Lodge and his son, Jeff, who also has many years of experience in the lumber business, are currently meeting with homeowners associations and groups of property owners to explain the program. One of the things they emphasize is the importance of getting the trees out before they lose their commercial value.

"The trees are dead, and if we don't get them out pretty soon, they totally lose their value because the fiber loses its strength and becomes useless and that's what (makes) lumber is the fiber strength," Lodge said. "If we don't, they'll be a $2 billion liability instead of a billion dollar asset, and that's a fact."

Many Rim country residents the Lodges talk to are surprised to learn that there is a market for diseased trees besides chopping them into firewood. But Lodge says that because the ips bark beetle only tunnels through the bark and into the outside cambium layer of the tree to lay eggs, the rest of the tree is unharmed.

Reason for hope

Perhaps most important, Lodge believes, the program provides hope to a community that has sometimes seemed overwhelmed by the scope of the problem and the devastation it has wrought.

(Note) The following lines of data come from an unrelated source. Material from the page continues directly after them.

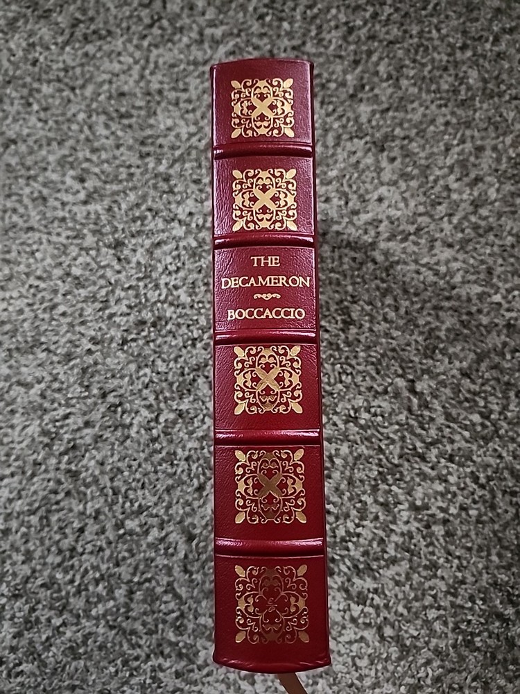 Delve into the enchanting world of Giovanni Boccaccio with The Decameron, presented in a luxurious leather-bound Collector's Edition by Easton Press. Published in 1980, this masterful work of literature is adorned with illustrations by Fritz Kredel, adding a visual feast to the poetic narrative. The text is in English, ensuring accessibility to a broad audience, while preserving the originality and essence of Boccaccio's masterpiece. This collectible piece is a treasure for both literary enthusiasts and art aficionados. The book's craftsmanship is a testament to the timeless beauty of literature and fiction, with its origins in Norwalk, Connecticut. It is an original work, bound to captivate readers with its compelling storytelling and rich illustrations.
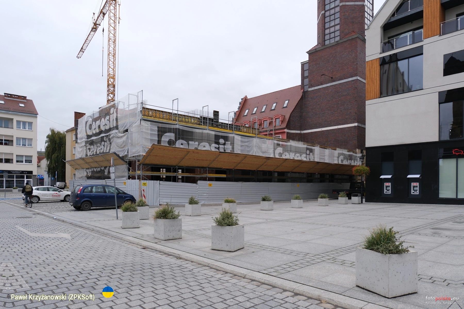 11 października 2025 , Długo wyczekiwana inwestycja w Rynku, przy ulicy Sukienniczej. W miejscu zniszczonej kamienicy powstaje nowy budynek mieszkalny z lokalami użytkowymi, potocznie nazwany "ratuszem" gdyż takowy obiekt tu stał wcześniej. W końcu zniknął paskudny betonowy podest - vide .Skomentuj zdjęcie
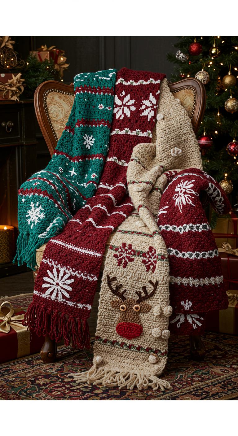 Keep warm with Christmas-themed scarves. These beautiful accessories can be a quick and satisfying project.

"The problem with this forest and the drought conditions we have right now: there are too many straws drinking out of the same glass," he said. "You have 400 trees per acre and you should have 40. That explains why the water is not reaching us and why the trees are in drought condition.

"The larger, older trees are the ones that are getting attacked and are dying. When they're harvested, you cut the old growth down and leave good seed trees. It can be like a park again."

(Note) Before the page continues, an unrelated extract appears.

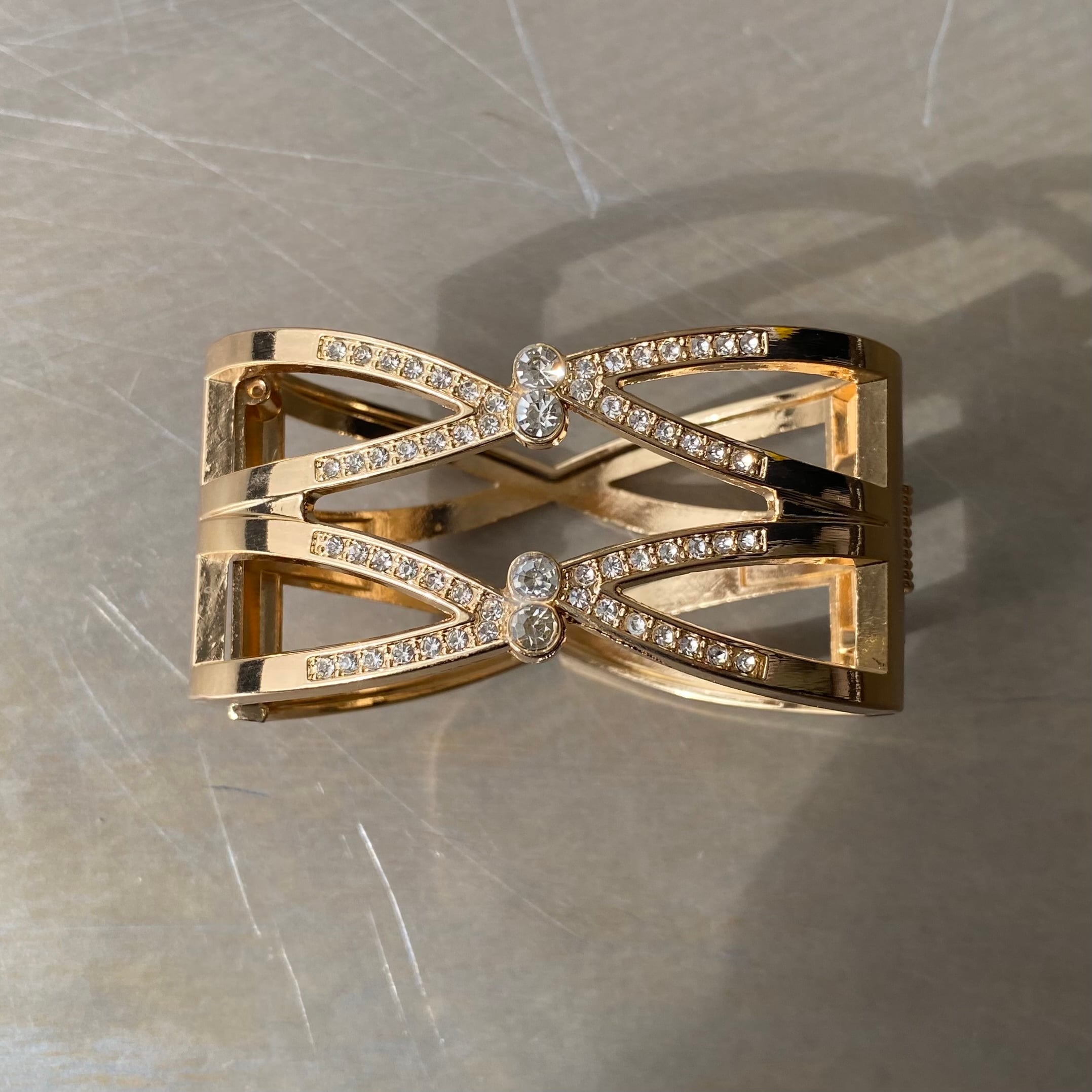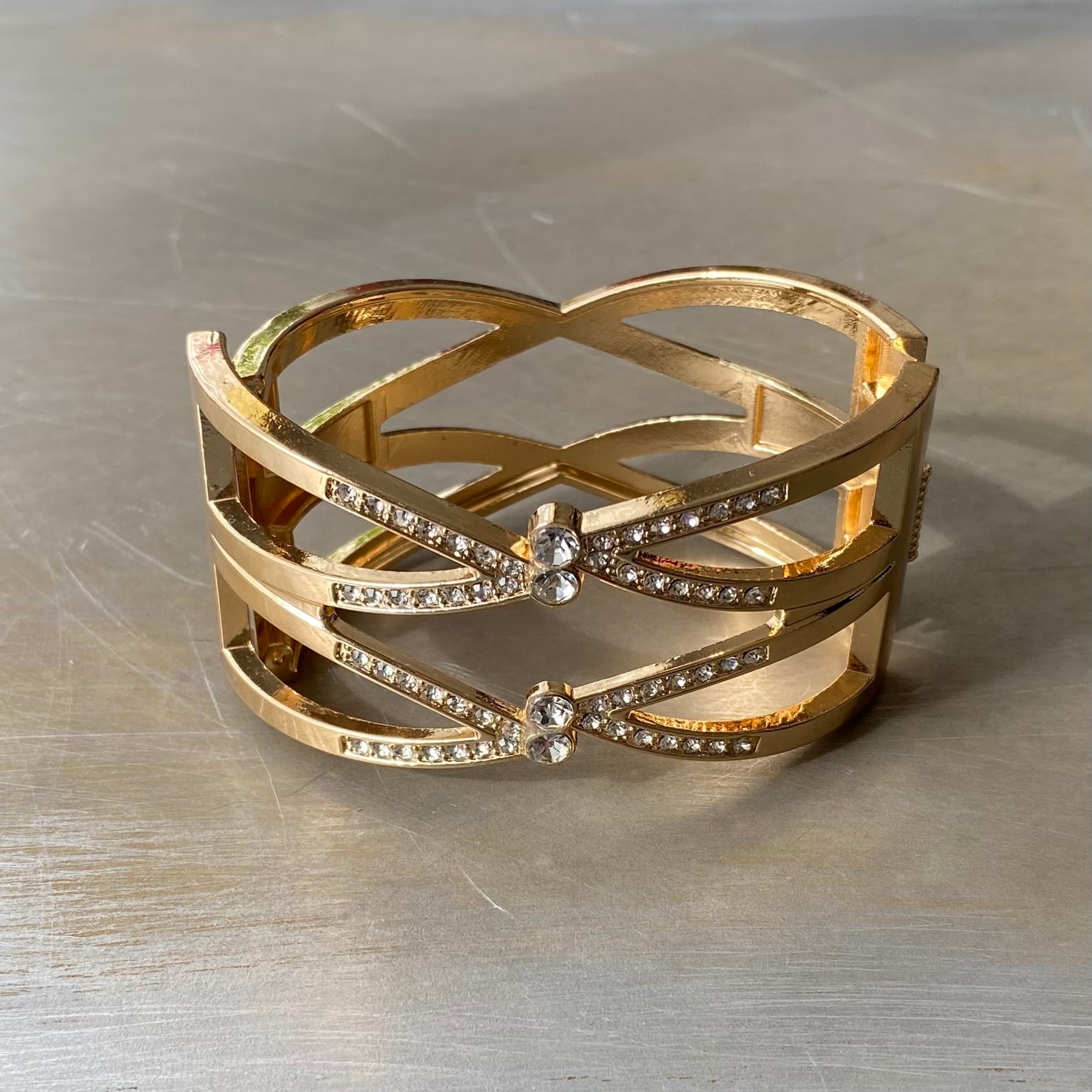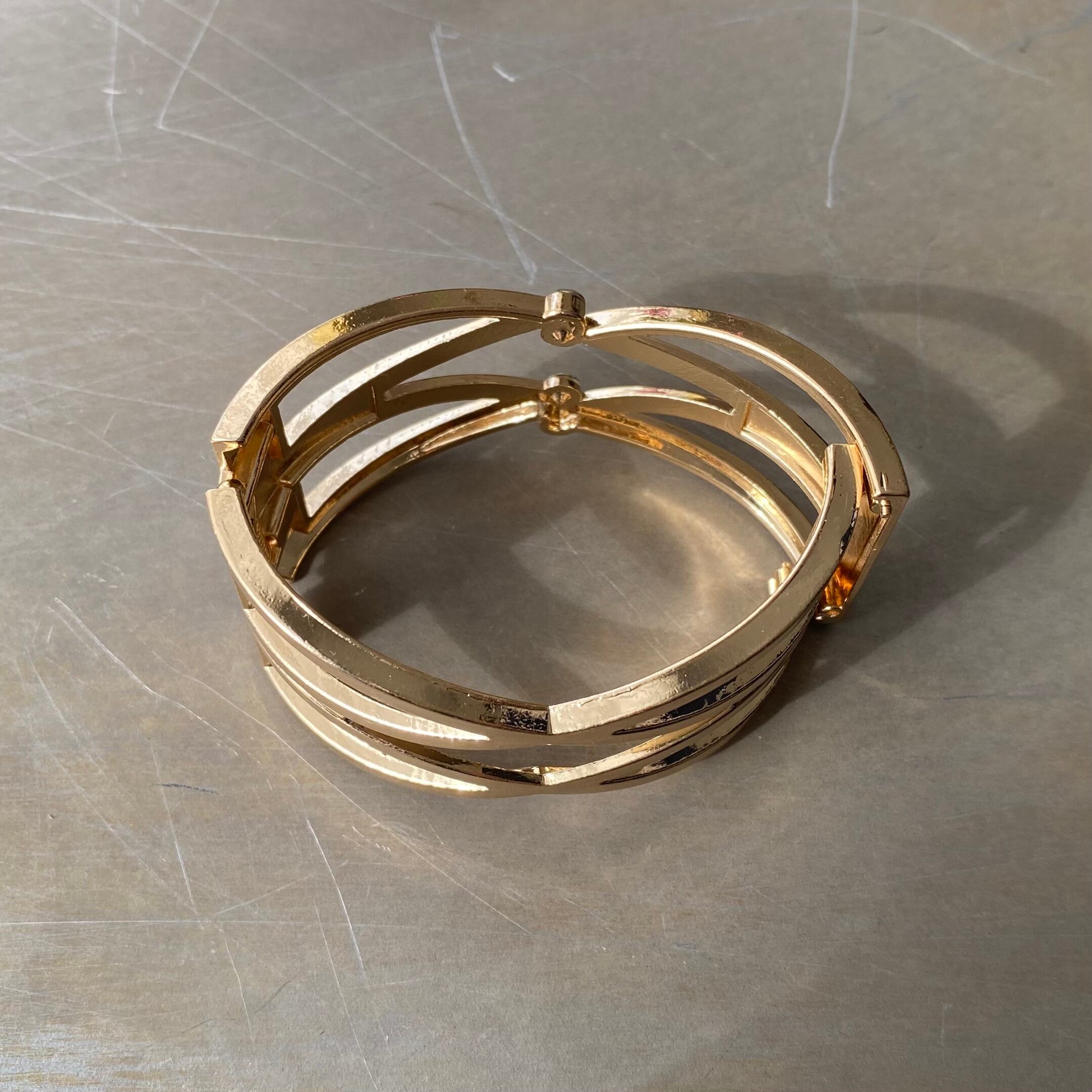 Used USA retro double cross crystal bijou bangle レトロ アメリカ ユーズド アクセサリー ゴールド ダブル クロス ビジュー バングル

It's time, Lodge believes, for the Rim country to roll up its collective sleeves and get to work.

"I don't think we're going to go anywhere by pointing fingers or rehashing the stuff that's been hashed over 1,000 times," he said. "We've got to get an army of people out there that are effective, that are professional, that can get the job done and make it happen. This is a model for the United States right here in Payson. We need to motivate the people."

While the U.S. Forest Service has been handcuffed by lawsuits and the Town of Payson has so far given the program a lukewarm reception, both Arizona Public Service and the Arizona Department of Transportation have signed on.